Le 24 mars, l’État d’Israël a mis en place une agence spéciale baptisée « Autorité d’émigration » au sein du ministère de la Défense. Cet organisme mènerait une « opération logistique de grande envergure » visant à relocaliser les Gazaouis et à leur trouver des pays de destination (Article II c de la Convention). Il s’agit d’expulser de Gaza les Palestiniens, sans doute pour réaliser le rêve de D. Trump d’une Côte d’azur de la Méditerranée, et de parachever le nettoyage ethnique qui, d’un certain point de vue, avait commencé en mai 1948 avec l’expulsion de centaines de milliers de Palestiniens de leurs terres, la Nakba[1].
Je ne comprends pas que la qualification de « génocide », pourtant clairement défini par l’ONU dès 1948, ne soit pas appliquée par nos gouvernements à la politique israélienne et à son premier ministre.

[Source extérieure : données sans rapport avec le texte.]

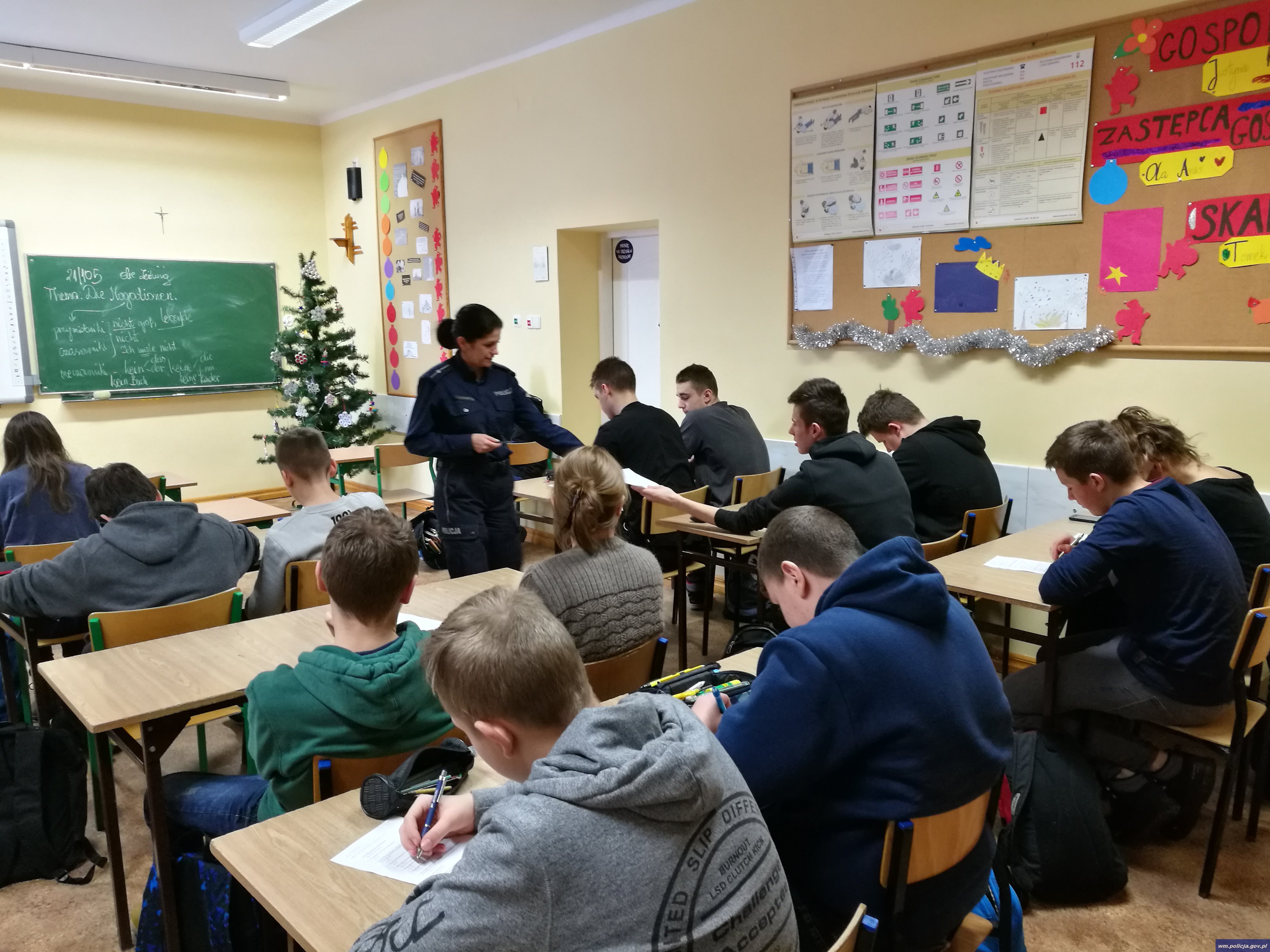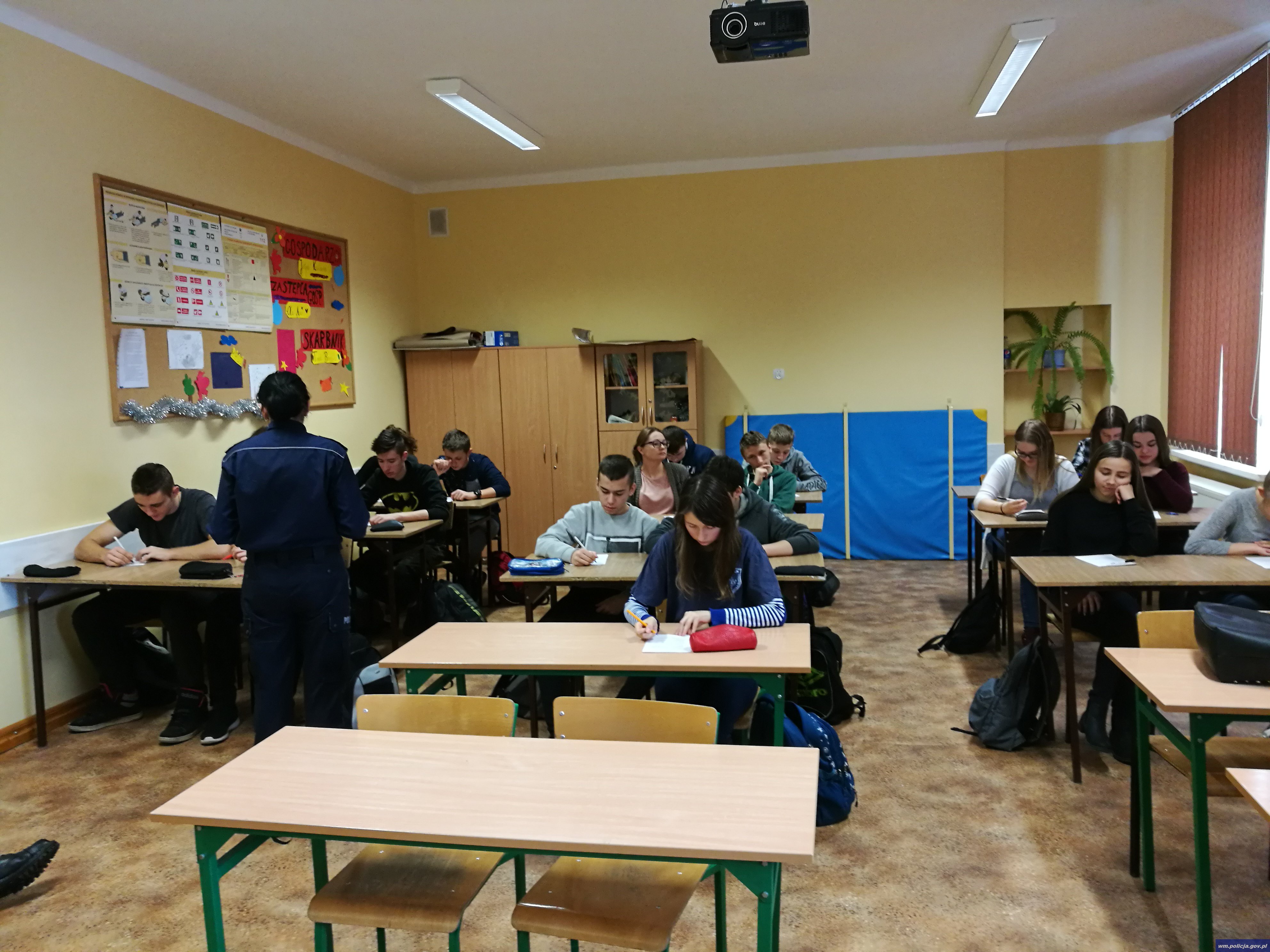W związku z przystąpieniem Gimnazjum nr 1 w Działdowie do Rządowego Projektu „Razem Bezpieczniej” funkcjonariusze z działdowskiej komendy wczoraj (19.01.2017) przeprowadzili także prelekcję na temat „Czuję się bezpiecznie, bo wiem, że wszelka agresja, dewastacja i niszczenie mienia jest karalne. Wszyscy jesteśmy odpowiedzialni za bezpieczeństwo, ład i porządek nie tylko w miejscu zamieszkania”.

Je ne comprends pas qu’elle puisse être encore discutée et refusée, autorisant récemment le président Macron à parler « d’une honte » et des dirigeants européens « d’une situation scandaleuse ». Ces qualifications sont à la fois faibles et proprement abjectes. Affamer un peuple, laisser mourir des blessés faute de soin, ce n’est pas « un scandale ou une honte ». Ce sont des crimes contre un peuple et contre une civilisation. C’est un génocide.